-- PROVIDED RECORDS --
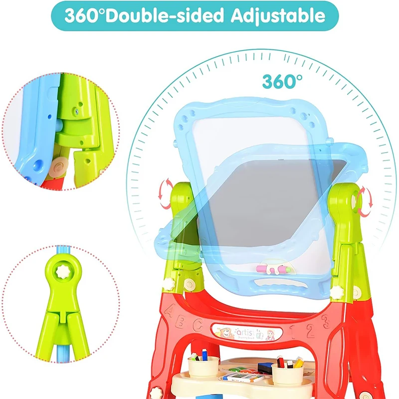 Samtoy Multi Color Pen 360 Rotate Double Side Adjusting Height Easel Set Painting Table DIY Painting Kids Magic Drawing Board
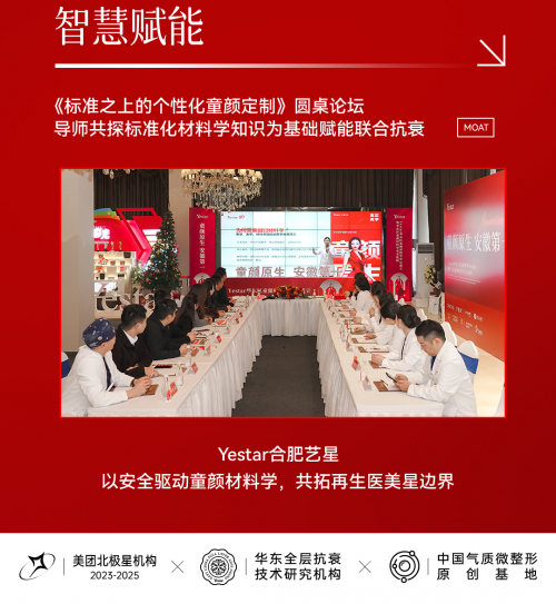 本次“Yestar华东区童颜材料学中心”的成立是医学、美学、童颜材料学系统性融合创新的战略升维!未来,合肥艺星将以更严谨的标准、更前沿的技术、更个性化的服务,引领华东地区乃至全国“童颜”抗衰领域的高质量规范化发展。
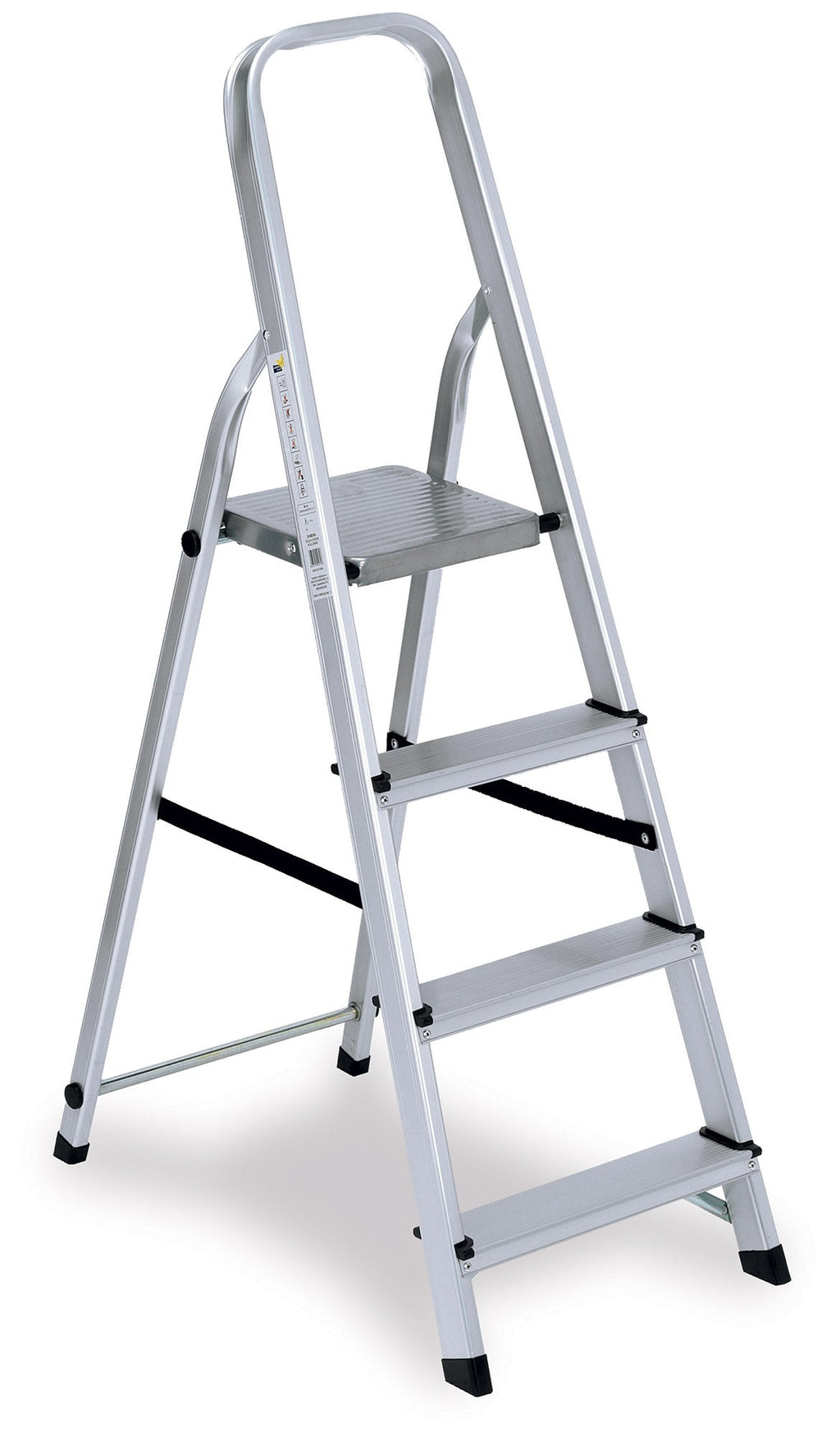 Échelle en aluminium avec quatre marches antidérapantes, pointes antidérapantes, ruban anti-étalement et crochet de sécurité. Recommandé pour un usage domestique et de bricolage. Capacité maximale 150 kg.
==
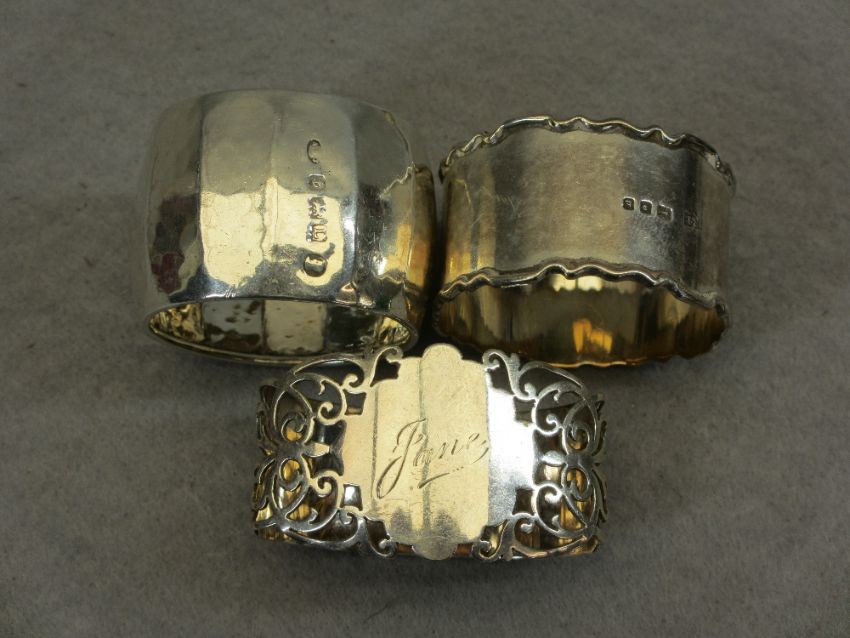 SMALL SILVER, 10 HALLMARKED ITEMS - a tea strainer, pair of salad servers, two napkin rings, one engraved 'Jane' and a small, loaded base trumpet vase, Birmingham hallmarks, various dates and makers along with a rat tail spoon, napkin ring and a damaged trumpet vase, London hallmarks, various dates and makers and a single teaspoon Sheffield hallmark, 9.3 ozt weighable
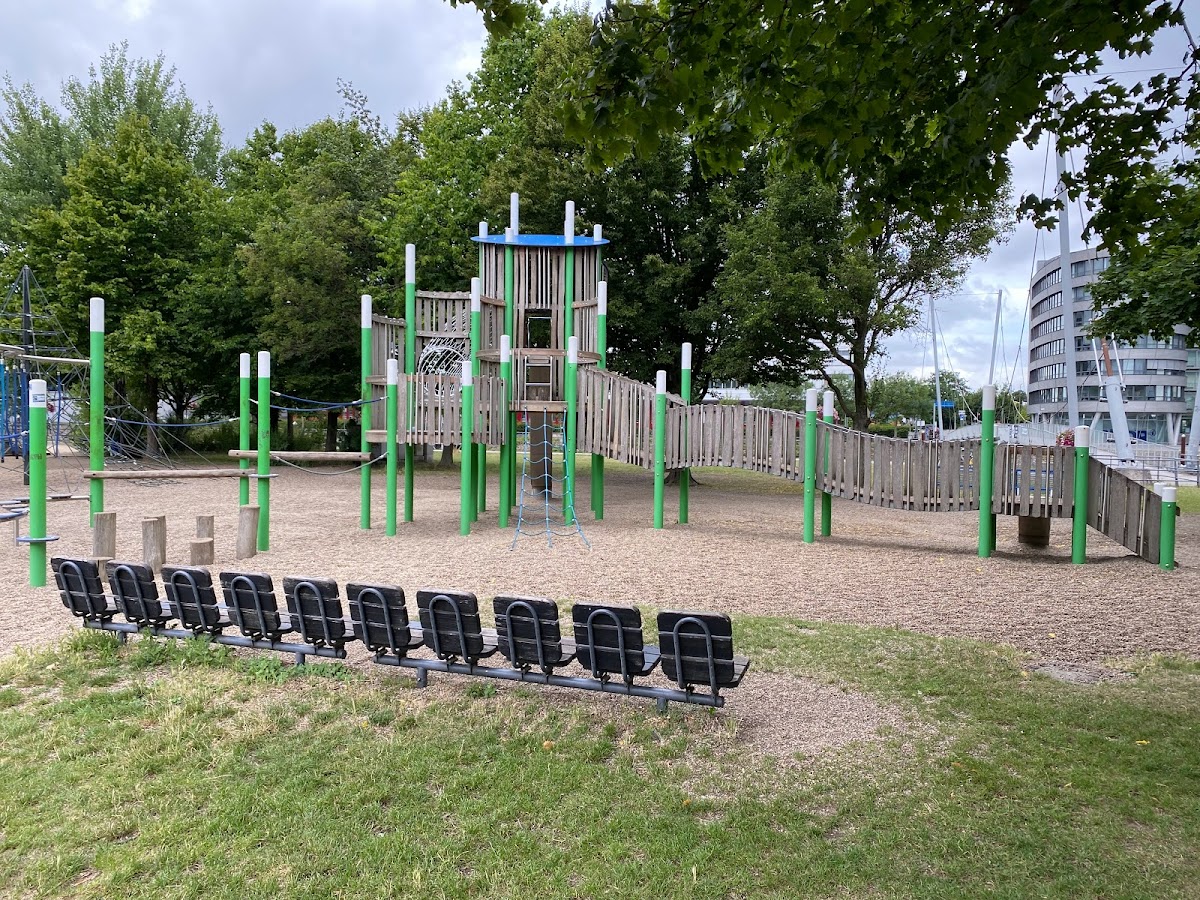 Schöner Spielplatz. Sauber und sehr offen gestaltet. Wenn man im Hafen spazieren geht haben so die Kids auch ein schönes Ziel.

-- WORK TO BE COMPLETED --
Using the data above, retype exactly the lines from the line with "SMALL SILVER, 10" to the line with "Schöner Spielplatz. Sauber", inclusive. No pictures and nothing else.

-- TASK RESPONSE --
 SMALL SILVER, 10 HALLMARKED ITEMS - a tea strainer, pair of salad servers, two napkin rings, one engraved 'Jane' and a small, loaded base trumpet vase, Birmingham hallmarks, various dates and makers along with a rat tail spoon, napkin ring and a damaged trumpet vase, London hallmarks, various dates and makers and a single teaspoon Sheffield hallmark, 9.3 ozt weighable
 Schöner Spielplatz. Sauber und sehr offen gestaltet. Wenn man im Hafen spazieren geht haben so die Kids auch ein schönes Ziel.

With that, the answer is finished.